Filipinos on Twitter and Facebook are outraged over the hostage situation now going on at the Quirino Grandstand in Manila, when a dismissed police officer took hostage this morning a bus full of people, mostly tourists from Hongkong.
The usual comment I’ve been reading and hearing are about how badly the hostage-taking would hit the Philippines and that incidents like these are the last thing this country needs.
While I understand where this sentiment is coming from – if you derive your livelihood from tourism, this is definitely not cool – I can’t help but be outraged myself at the lack of sense of proportion by those who make these comments.
For one thing, this is the Philippines, a country of mostly poor people, where the poverty, injustice and all sorts of troubles can push people over the edge.

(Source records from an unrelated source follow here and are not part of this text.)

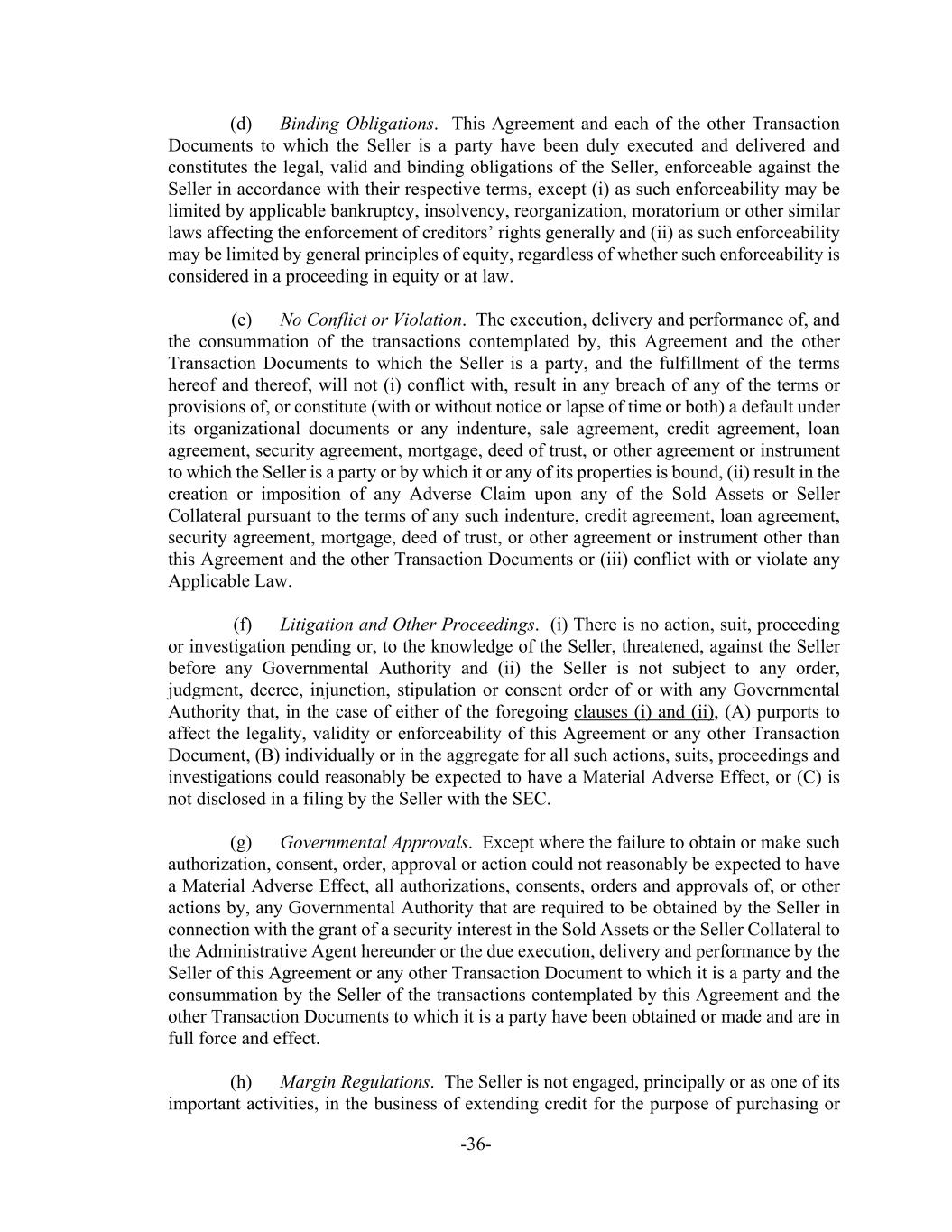 -36- (d) Binding Obligations. This Agreement and each of the other Transaction Documents to which the Seller is a party have been duly executed and delivered and constitutes the legal, valid and binding obligations of the Seller, enforceable against the Seller in accordance with their respective terms, except (i) as such enforceability may be limited by applicable bankruptcy, insolvency, reorganization, moratorium or other similar laws affecting the enforcement of creditors’ rights generally and (ii) as such enforceability may be limited by general principles of equity, regardless of whether such enforceability is considered in a proceeding in equity or at law. (e) No Conflict or Violation. The execution, delivery and performance of, and the consummation of the transactions contemplated by, this Agreement and the other Transaction Documents to which the Seller is a party, and the fulfillment of the terms hereof and thereof, will not (i) conflict with, result in any breach of any of the terms or provisions of, or constitute (with or without notice or lapse of time or both) a default under its organizational documents or any indenture, sale agreement, credit agreement, loan agreement, security agreement, mortgage, deed of trust, or other agreement or instrument to which the Seller is a party or by which it or any of its properties is bound, (ii) result in the creation or imposition of any Adverse Claim upon any of the Sold Assets or Seller Collateral pursuant to the terms of any such indenture, credit agreement, loan agreement, security agreement, mortgage, deed of trust, or other agreement or instrument other than this Agreement and the other Transaction Documents or (iii) conflict with or violate any Applicable Law. (f) Litigation and Other Proceedings. (i) There is no action, suit, proceeding or investigation pending or, to the knowledge of the Seller, threatened, against the Seller before any Governmental Authority and (ii) the Seller is not subject to any order, judgment, decree, injunction, stipulation or consent order of or with any Governmental Authority that, in the case of either of the foregoing clauses (i) and (ii), (A) purports to affect the legality, validity or enforceability of this Agreement or any other Transaction Document, (B) individually or in the aggregate for all such actions, suits, proceedings and investigations could reasonably be expected to have a Material Adverse Effect, or (C) is not disclosed in a filing by the Seller with the SEC. (g) Governmental Approvals. Except where the failure to obtain or make such authorization, consent, order, approval or action could not reasonably be expected to have a Material Adverse Effect, all authorizations, consents, orders and approvals of, or other actions by, any Governmental Authority that are required to be obtained by the Seller in connection with the grant of a security interest in the Sold Assets or the Seller Collateral to the Administrative Agent hereunder or the due execution, delivery and performance by the Seller of this Agreement or any other Transaction Document to which it is a party and the consummation by the Seller of the transactions contemplated by this Agreement and the other Transaction Documents to which it is a party have been obtained or made and are in full force and effect. (h) Margin Regulations. The Seller is not engaged, principally or as one of its important activities, in the business of extending credit for the purpose of purchasing or
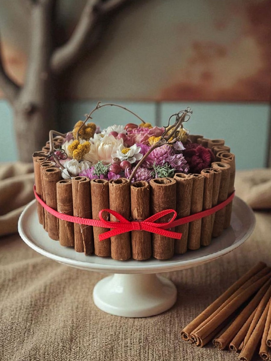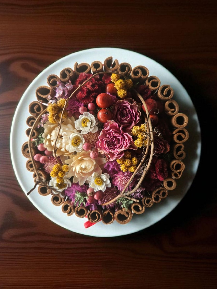 シナモンの器に色とりどりのドライフラワーを詰め込んだ、タルト型アレンジメントです。
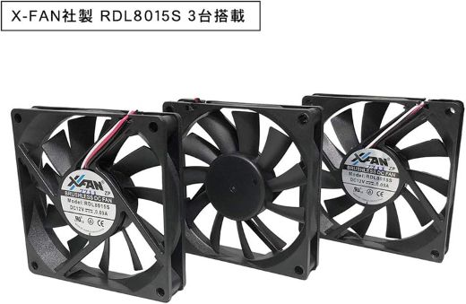 付属ファンはX-FAN製の80mm角15mm厚ファン「RDL8015S」×3で、回転数は2,000RPM、風量最大23.02CFM、静圧最大1.28mmH2O、騒音値21.6dBA。コネクタは3ピンで、ケーブル長さは300mm。

For another, this hostage taking is mild compared to the atrocities Filipinos been confronted with. I can’t recall any similar reaction to the airing of that video of a police officer torturing a person. I don’t recall coming across any comment that said such a barbaric act would affect Philippine tourism. I don’t recall the tourism secretary issuing a statement to the press saying that the torture case should be resolved ASAP so the industry won’t be affected.

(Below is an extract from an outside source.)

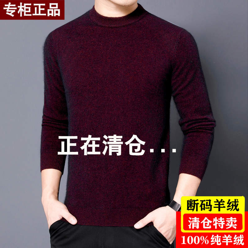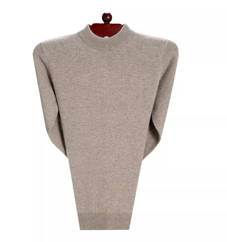 鄂尔多斯市纯羊毛衫男士针织衫半高领加厚中老年套头圆领保暖毛衣
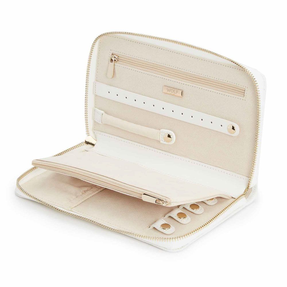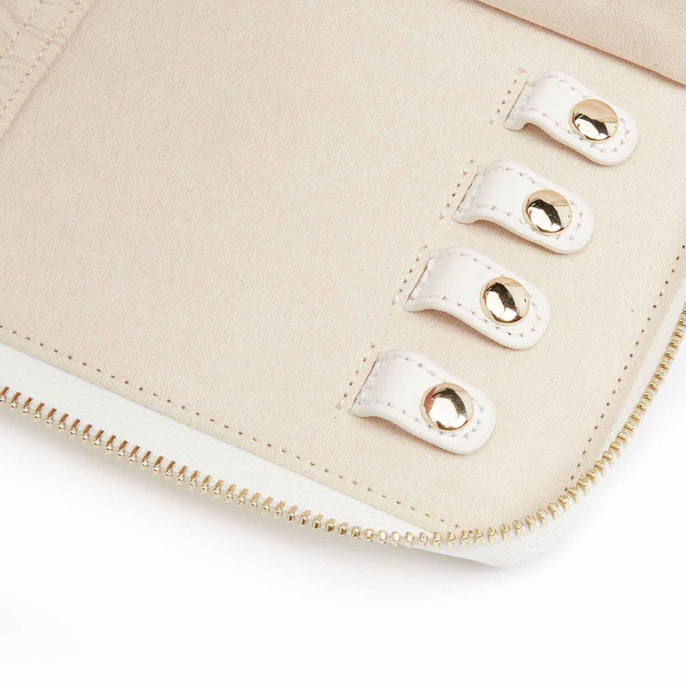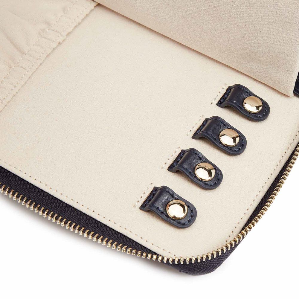 - Storage: 1 earring tab, 1 ring tab, 2 zip compartments, 4 snap-on necklace hooks with pocket

Could it be because the guy being tortured was a suspected criminal, who probably lived in the slums of Manila – and not some rich “Hong Kong national” who came here with his mighty Hong Kong dollar?
And while we are on the subject of atrocities that depict the country as a nation of barbarians, I never heard anybody from the tourism industry denouncing the killings of activists, peasants, farmers, human-rights defenders – never heard them say these killings are a blot to our national record. No, I don’t think I ever heard the tourism secretary or his subaltern make such a comment.
Neither have I heard anybody from the travel agencies complaining about what these atrocities can do to the image of the country and how foreigners might not visit us anymore because we have the habit of murdering dissenters. No, I don’t think I’ve ever come across a story of anybody in the tourism industry making such sentiment public.
The reason, of course, is that these activists, these peasants, these farmers are not the type who would plunk in their hard-earned money for a weekend in Boracay.
So, my question is, where’s the sense of proportion?
If people in the tourism industry can cry to the heavens about the impact of an incident involving 25 Chinese tourists – who, by the looks of it, might be released safely, and I pray to God that they’d be — but don’t have the moral sense to decry the brutal murders of more than 1,200 people in the last 10 years and, worse, do not even see how such an atrocity can affect not just them but the country itself, then that’s just sad.